Here is part of my code:
char c;
while(m_uart->recv(c) > 0) {
m_lineBuff[m_lineIndex++] = c;
if(c == '\r') {
c = '\n';
m_lineBuff[m_lineIndex++] = c;
m_sendCount = 2;
} else {
m_sendCount = 1;
}
this->send();
if(c == '\n') {
m_lineBuff[m_lineIndex++] = '\0';
// invoke some callbacks that handle the line at some point
m_lineIndex = 0;
}
}
m_lineBuff
is a self written (and tested) vector of chars. m_uart
is a self written (and also tested) UART driver for the micro-internal hardware uart. this->send
sends m_sendCount
bytes using m_uart
.
What I tried so far: I verified that the baud rates of minicom and my micro match (115200). I verified that the frequency is within the 2% range (micro is running at 20MHz). Both minicom and the micro are setup for 8n1. I verified that minicom works by hooking it up to a little-board I had lying around. On that board any utf-8 digit works just fine.
Does anyone see my mistake or does anyone have a clue at what I haven't considered?
I'll be happy to supply up to all of my code if you guys are interested in it.
EDIT/Elaboration:
Observation 1 (prior to starting this project)

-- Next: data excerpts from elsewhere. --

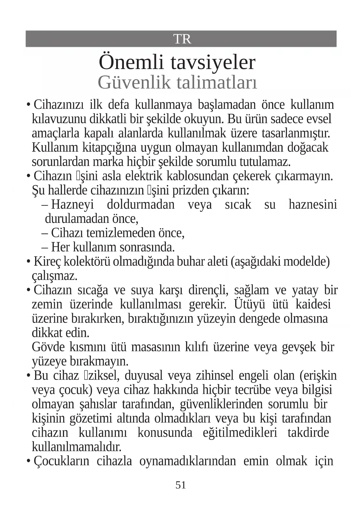 - Bu cihaz 8 yaş ve üzeri çocuklar ve cihaz hakkında hiçbir tecrübe veya bilgisi olmayan şahıslar tarafından, güvenliklerinden sorumlu bir kişinin gözetimi altında bulunmaları veya bu kişi tarafından cihazın kullanımı konusunda eğitilmeleri koşuluyla kullanılabilir. Çocuklar cihaz ile oynamamalıdır. Çocukların bir yetişkinin gözetimi olmadan cihazı temizlemelerine veya bakımını gerçekleştirmelerine izin verilmemelidir. Ütüyü ve kablosunu, çalışırken veya soğuma sırasında 8 yaşından küçük çocukların ulaşamayacakları yerlerde muhafaza edin.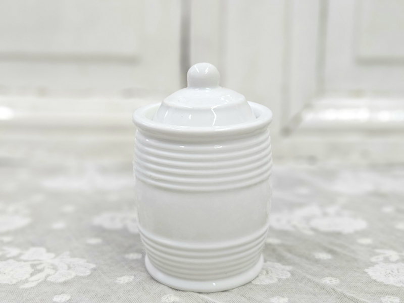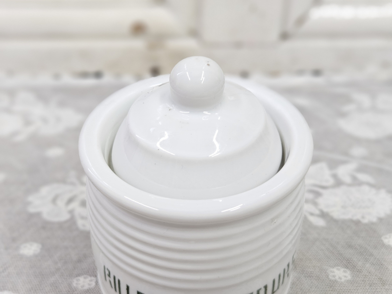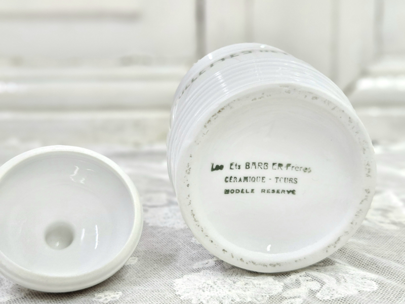 Oud potje waar vroeger een cultureel beschermd product in zat nl. varkensreepjes gesmoord in vet, op smaak gebracht met specerijen en soms met witte wijn uit de Touraine regio. Potje is in tiptop staat.
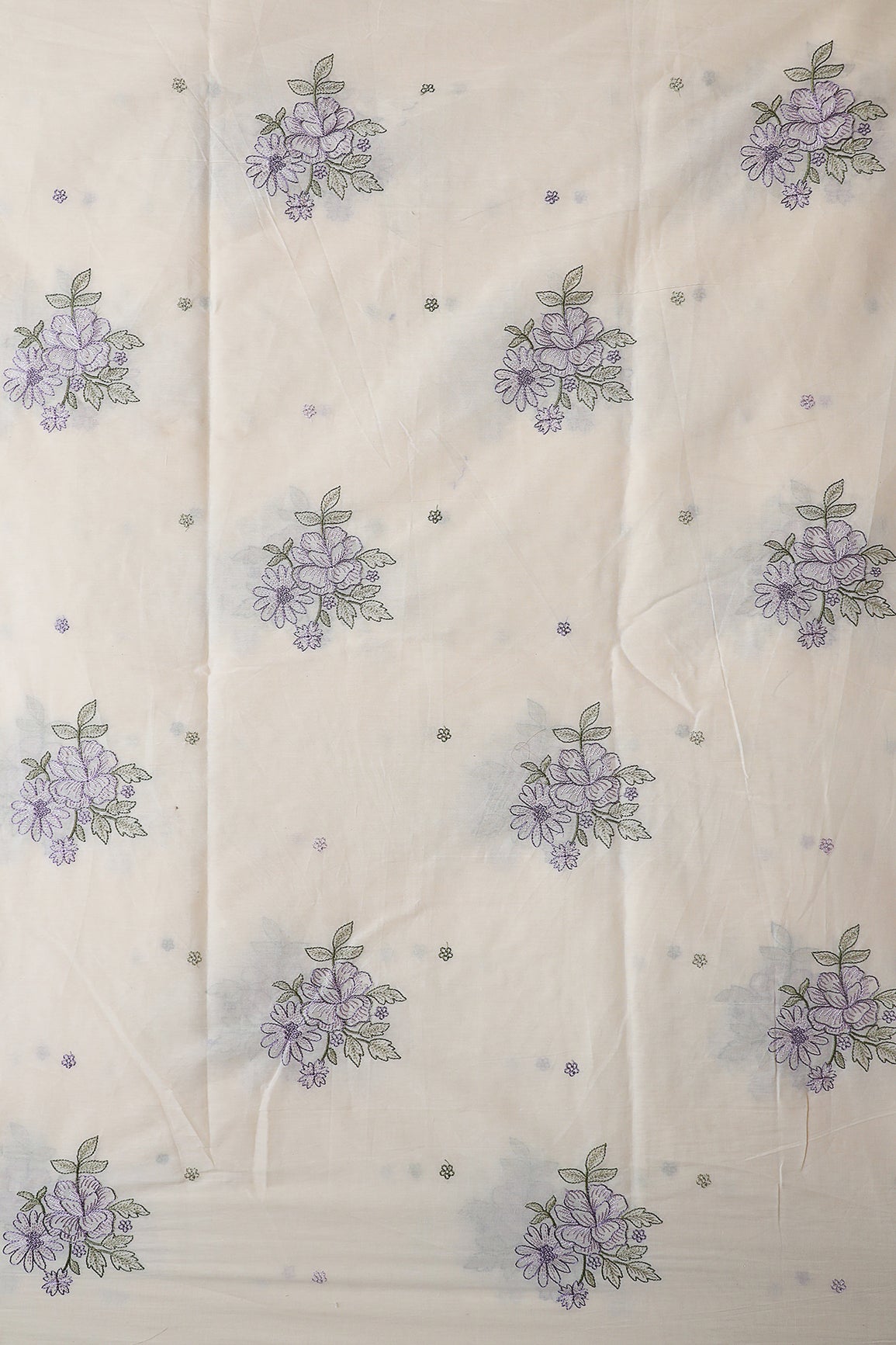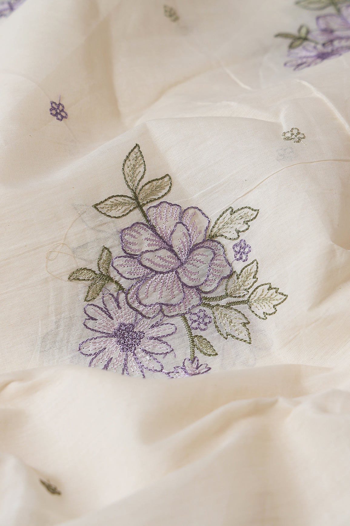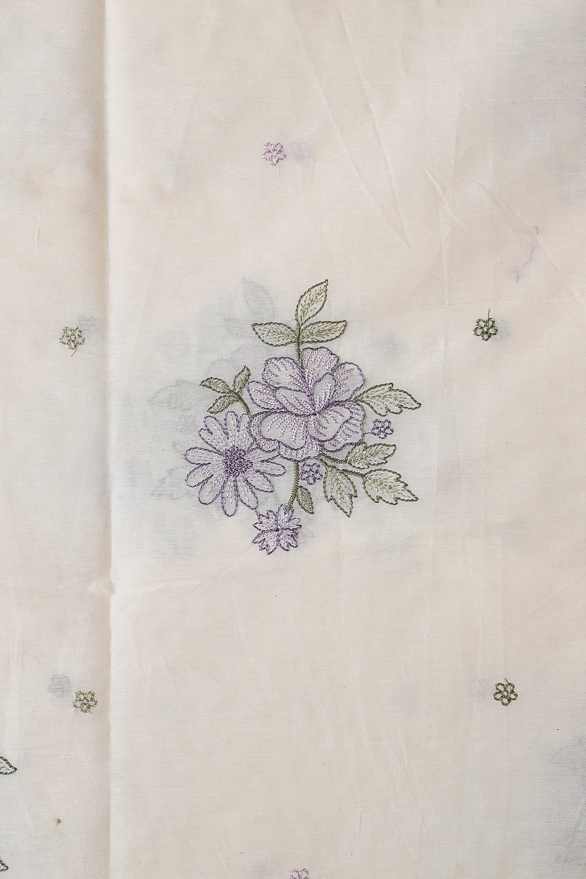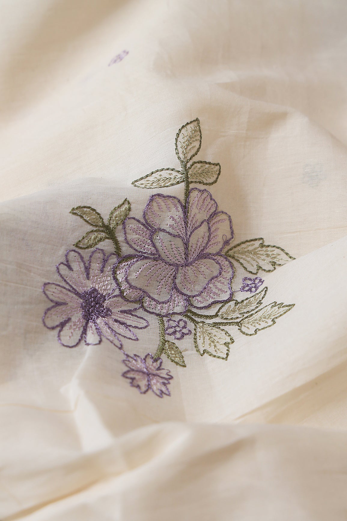 Purple And Olive Thread beautiful Floral Embroidery On Off White Organic Cotton Fabric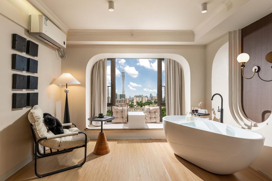 This hotel is a true urban oasis! Nestled in Haixinsha Asian Games Park, it’s just a short walk to Huacheng Square and the Pearl River New Town CBD, with easy access to the iconic Canton Tower via Haixin Bridge. The design blends Lingnan water town culture with Haixinsha’s unique charm, offering themed rooms inspired by "City Garden" and "Haixinsha Melody." Enjoy the infinity pool, fitness center, two stylish bars, and a cozy neighborhood restaurant. At night, soak in the stunning views of the Pearl River and the ever-changing lights of Canton Tower. Perfect for romantic getaways, family trips, or business meetings!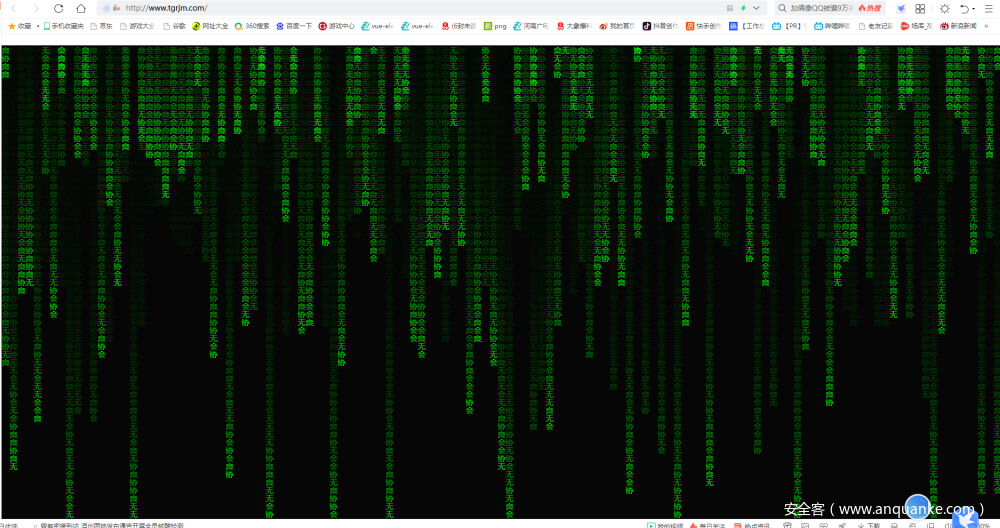 今天,陕西“潼关肉夹馍协会” 官网疑似被黑,网站页面背景变成黑色,无数绿色字样的“无良协会”从页面上方滑落,神似《黑客帝国》中曾出现的经典字符雨。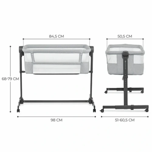A kiságy kényelmes és könnyen tisztítható anyagból készült. A divatos árnyalatok minden belső térhez illenek. A kiságy huzata gépben mosható.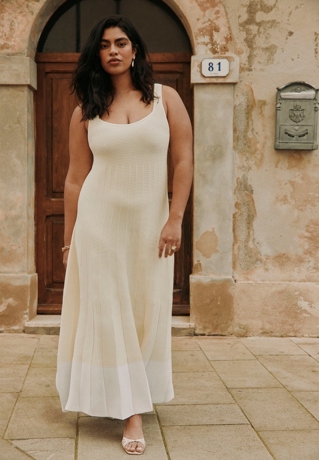 Item Number: 1115432Step into refined comfort with this knit midi dress accented by a contrast hem. A fitted bodice and pleated skirt create effortless, modern elegance.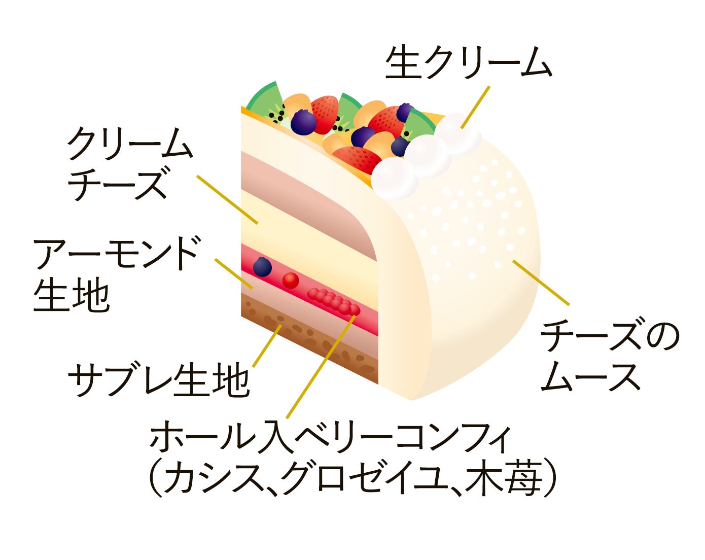 ふんわりと口溶けのよいチーズムースに、爽やかな酸味のベリーのコンフィがアクセント。色とりどりのフルーツデコレーションが華やかです。◎冷凍配送のみ承ります。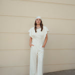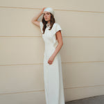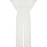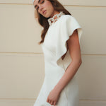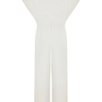 A bold yet minimal statement for the modern bride. Orlena is tailored from structured crepe with a sculptural shoulder line and wide-leg silhouette. The high neckline is adorned with an oversized detachable pearl necklace, adding an architectural edge to bridal dressing.
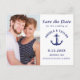 Announce your engagement to be married with this nautical themed save the date announcement postcard. This design features your photo on the left and to the right is your engagement details in navy blue typography accented by a navy blue anchor and your personalized wedding details. The back of the postcard has more of your wedding details to customize. Designed by artist Susan Coffey.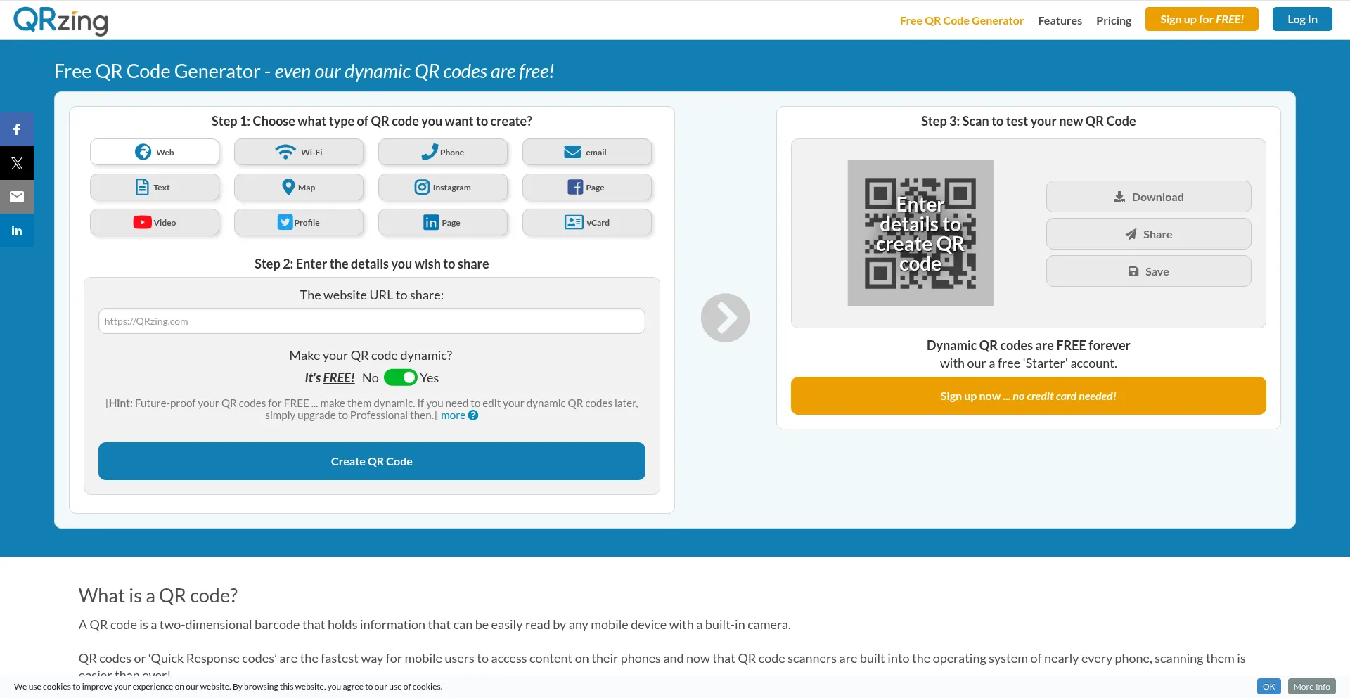 Create unlimited static and dynamic QR codes for FREE with the QRzing QR code generator. Our dynamic QR codes never expire ... ever!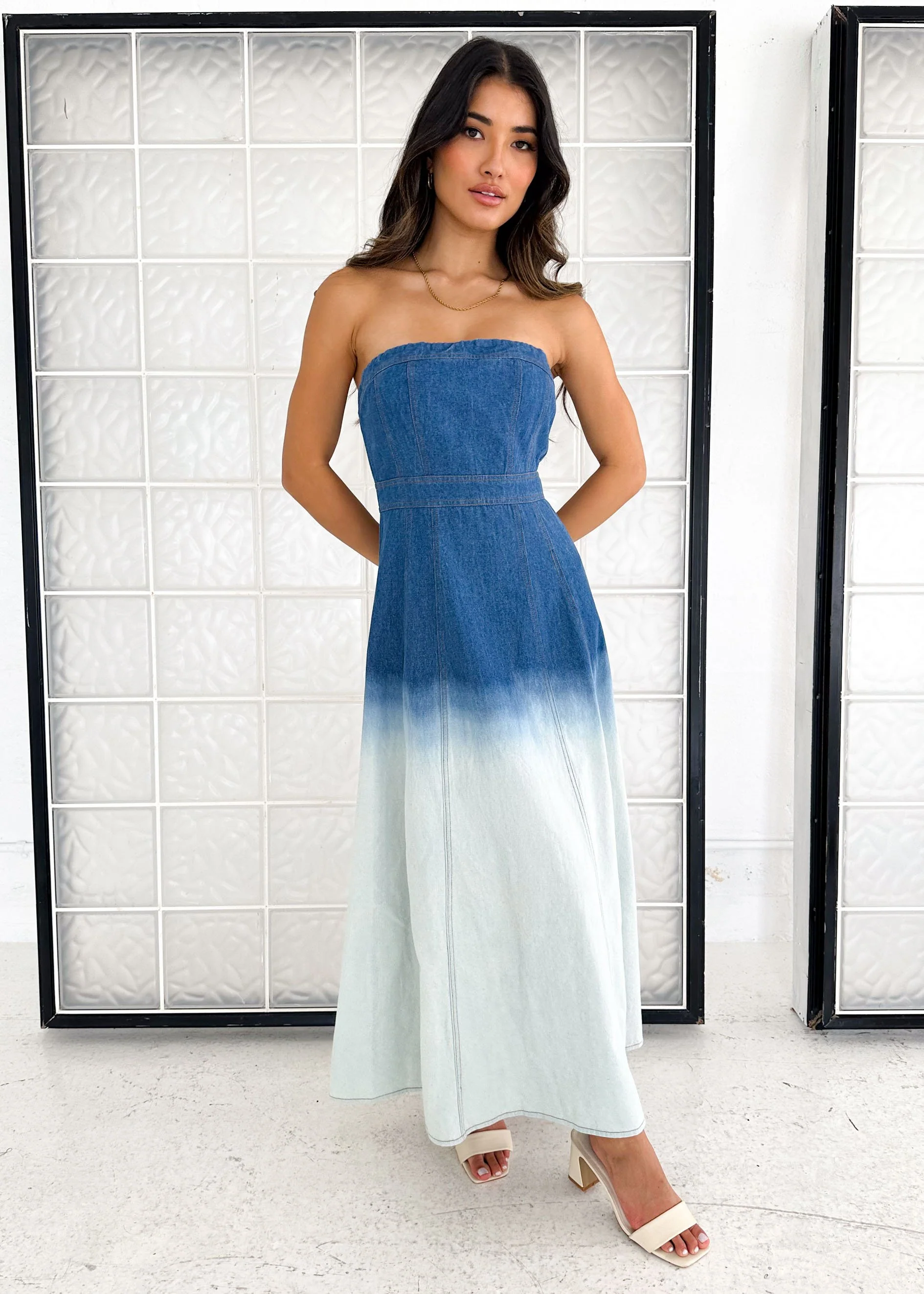 Emina Strapless Denim Maxi Dress - Washed Blue

The PC side program (minicom) can send and recieve characters to resp. from the microcontroller. It does not show the sent characters though.
Conclusion 1 (prior to starting this project)
The microcontroller side needs to send the characters back to the PC, so that you have the behaviour of a console. Thus I immediately send back any character I get.
Observation 2 (after implementing it)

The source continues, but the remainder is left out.